American Cities, Ranked By The Likelihood You Will Someday Visit Them On A Road Trip With Your Mother
She'll have more free time by now. Your father won't be around. You'll start excavating old plans you made together in earlier, idler hours, and you'll recalibrate the plans according to your new limits. So you'll drive there.
Boulder, Colorado
It's not necessarily a first choice for either of you, but almost no one's going to disagree about Boulder. You can go hiking, probably! It's nice to have something to do together where you don't have to look at each other. That sounds bleaker than it ought to, maybe. It's just easier when you're not staring each other down like you're both in a job interview. Riding in the car together is a little trickier but there's always scenery to point out and billboards to describe to each other. You could spend days together without having the kind of conversation you don't want to have with her.
New Orleans, Louisiana
For the mother who will not or cannot go hiking. The older the both of you get, the more you both appreciate wrought-iron scrollwork.
Hancock Shaker Village
This one happens to be in Pittsfield, Massachusetts, but you could just as easily swap it out for any number of quaint little Mennonite-adjacent villages in Pennsylvania or Ohio where members of an offshoot religious tradition make candles, or raise bees, or carve wainscot chairs. It's nice to watch people make things, even if you don't end up buying anything. "And they don't expect you to buy anything," she'll say after another tour through a working farmhouse. "They're just happy for people to come by," which may or may not be true.

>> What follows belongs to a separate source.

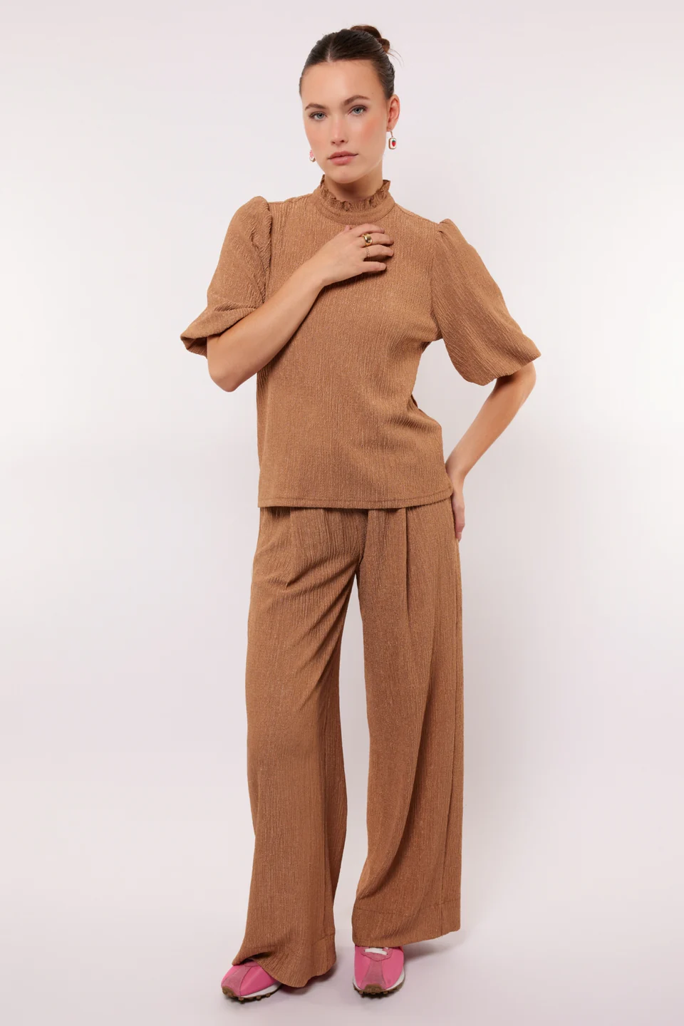 De AUKE BROEK is jouw nieuwe everyday essential met flair. Dankzij de stretchy tailleband en rechte pijpen zit deze broek altijd goed. De speelse structuur in de stof geeft net dat beetje extra aan een verder clean silhouet. Draag met een top in dezelfde stof of style los met een blazer.

Charleston, South Carolina
"Oh, Pat Conroy lived here!" She will almost certainly like hearing about Pat Conroy. That and the local architecture gives you a lot of safe topics to talk about. You won't have a fight here. All of these cities are designed to minimize friction between a mother and her adult child on what is probably their last road trip together. Long before "the" end comes the end of road trips.
Sante Fe/Taos, New Mexico
Statistically speaking, you're almost certainly going to be in Santa Fe or Taos someday with your mother. Even if you have a terrible relationship with her, you'll go there with some of her ashes (your sister will get the lion's share) and surreptitiously scatter them outside the Georgia O'Keeffe museum one night. Now you can say you've been there.